Kentucky fans have worried that Harrison Sr.’s ties to Maryland and his affinity for coach Mark Turgeon may ultimately steer his sons to the Terrapins, but their father adamantly denies any attempts on his part to sway their decision one way or the other.
“I’m their father. I’m still not going to send them somewhere they don’t want to go,” he tells Roberts. “Yes, I could say, ‘Son, you’re going to school here.’ Never. They would say, ‘Daddy, we object.’ They’ll be 18 next month. I think me and my wife have done a good job turning them into young men. They have good, sound judgement and good morals. Most people don’t know stuff. They say stuff, but they don’t know stuff.”
Likewise, much has been made of the Twins’ connection to Under Armour and their subsequent affiliation with Maryland—and rightfully so.
Under Armour not only sponsors Maryland’s basketball team, but also the AAU team for which Harrison Sr. coaches and his sons play.
Who will the Harrison twins commit to on Thursday?
Additionally, there is a very strong connection between the Harrisons and Chris Hightower, who heads up Under Armour’s basketball marketing. Hightower, a Maryland alumnus, is the only person outside of the prospective college coaches with access to the Harrison twins’ cell numbers.
“He is the one guy who can call Aaron and Andrew,” Harrison Sr. tells USA Today ‘s Eric Prisbell. “They text him, ‘Hey, Chris, appreciate what you sent us, thanks a lot.

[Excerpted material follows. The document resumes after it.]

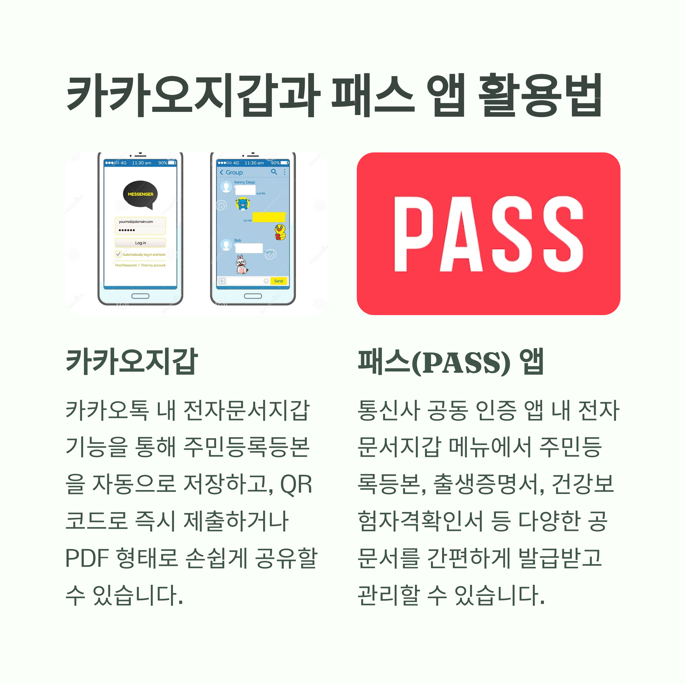 | 모바일 신분증 앱 (행안부) | QR코드 인증 + 지갑 저장 | PASS, KB, 신한 인증 |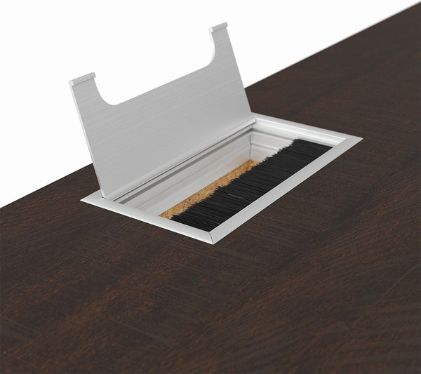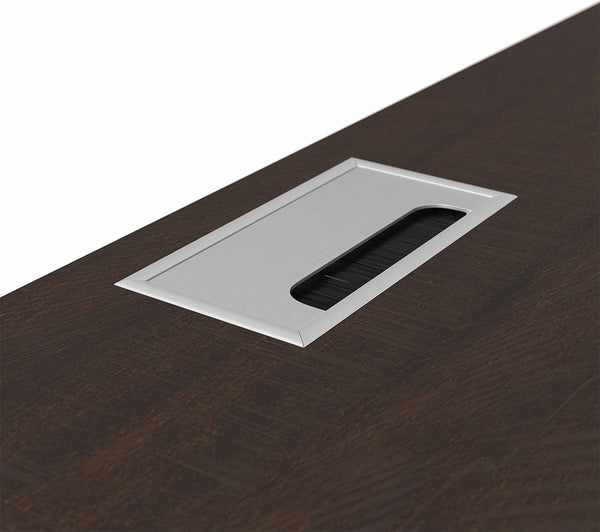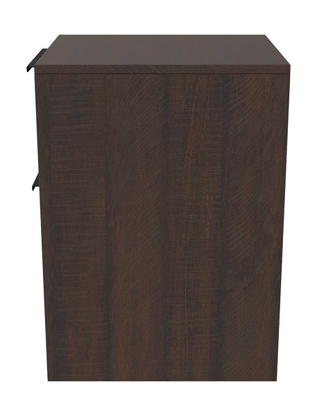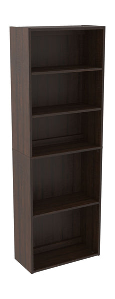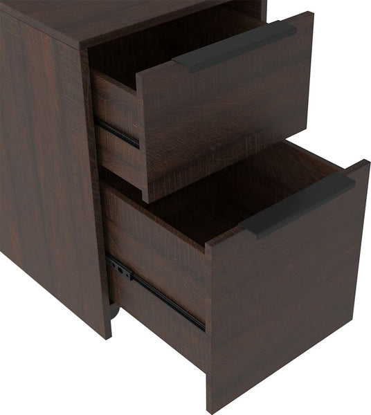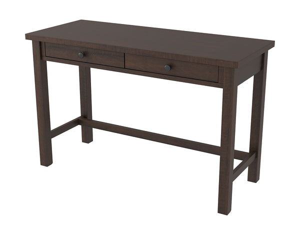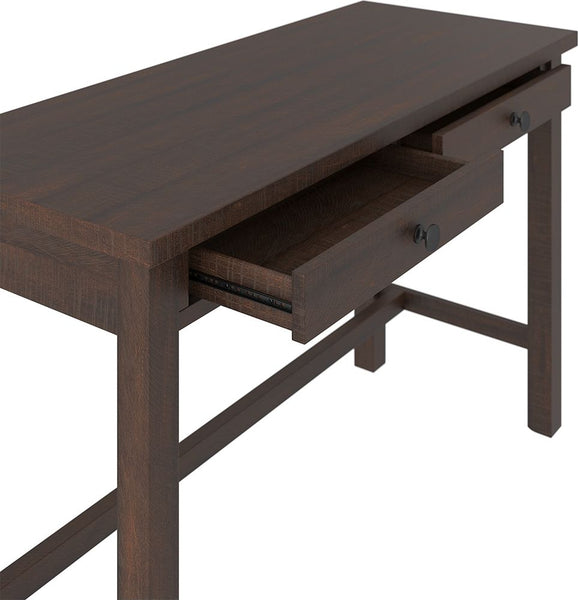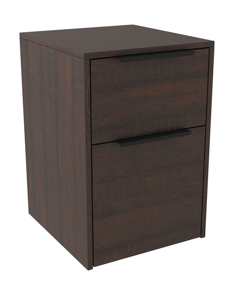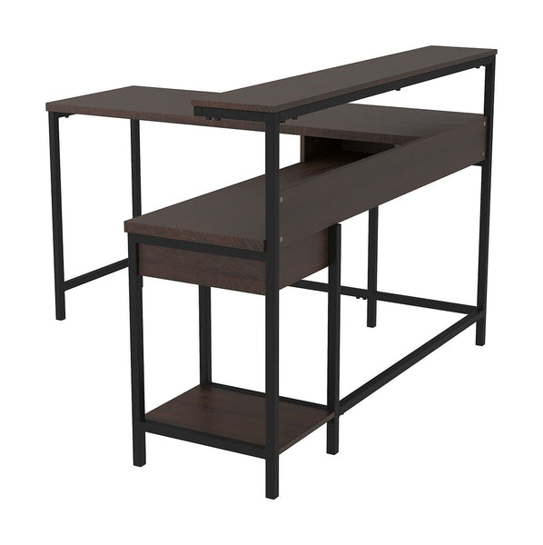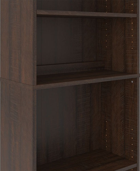Modern farmhouse design with an Urban attitude. Made with a paper laminate featuring a replicated rough sawn wood grain and engineered wood substrate. Black metal frames. Each piece is thoughtfully designed to offer style and function to any home office. Drawers use ball bearing side glides for smooth operation. Doors use European style hinges. Desks are designed for easy cord management. These pieces are designed to be RTA flat pack for express ship opportunity. H283-15 small bookcase is 30”H with one adjustable shelf. H283-16 medium bookcase is 36”H with two adjustable shelves.

Hey, Chris, do you have a black hoodie? Does Under Armour make this or that?’ He will text them, ‘Great game I saw on TV.’”
Of course, there are many other factors besides Under Armour that are at work in Maryland’s favor, including the fact that the twins’ close friend and former AAU teammate, Shaquille Clear, is currently a freshman forward for the Terrapins.
Nevertheless, the ties between the Harrison twins and the Under Armour brand are undoubtedly strong, and it helps to give Maryland the type of firepower to be able to contend with college basketball’s top recruiter—John Calipari.
The Harrisons’ recruitment is an excellent example of how brand loyalty now permeates basketball at both the amateur and professional levels, but the question remains: Is there really a stronger “brand” in college basketball than John Calipari?
In just three years at Kentucky, Calipari has already had 15 of his players selected in the NBA Draft—11 ended up being first-round picks. Add in an ever-elusive national championship from last season, and a college coach’s marketability has never been higher.
Nevertheless, Calipari found himself in a similar recruiting battle last offseason for the services of Shabazz Muhammad and ultimately lost out to the collective influence of UCLA’s proximity and their Adidas affiliation.
The Harrisons’ recruitment is eerily reminiscent to that of Muhammad. So, the ultimate question is: Will this recruitment be any different?
Their father would likely exclaim, “yes!” In fact, Harrison Sr. insists that his sons do not care about any of the factors mentioned above.
“They don’t want for anything material,” he told Prisbell. “They don’t have to go to the NBA to take care of me and mamma. We are going to be fine taking care of ourselves. The dynamics are different. They don’t want shoes.You’re not going to get them with a pair of shoes.”
Thus, in the end, despite all of the hoopla about corporate branding and marketability, the decision ultimately comes down to the undoubtedly muddled thought process of two 18-year-old kids simply trying to figure out which college fits them best.
Where their thinking has led them is certainly a mystery to even the best of prognosticators—not to mention their father.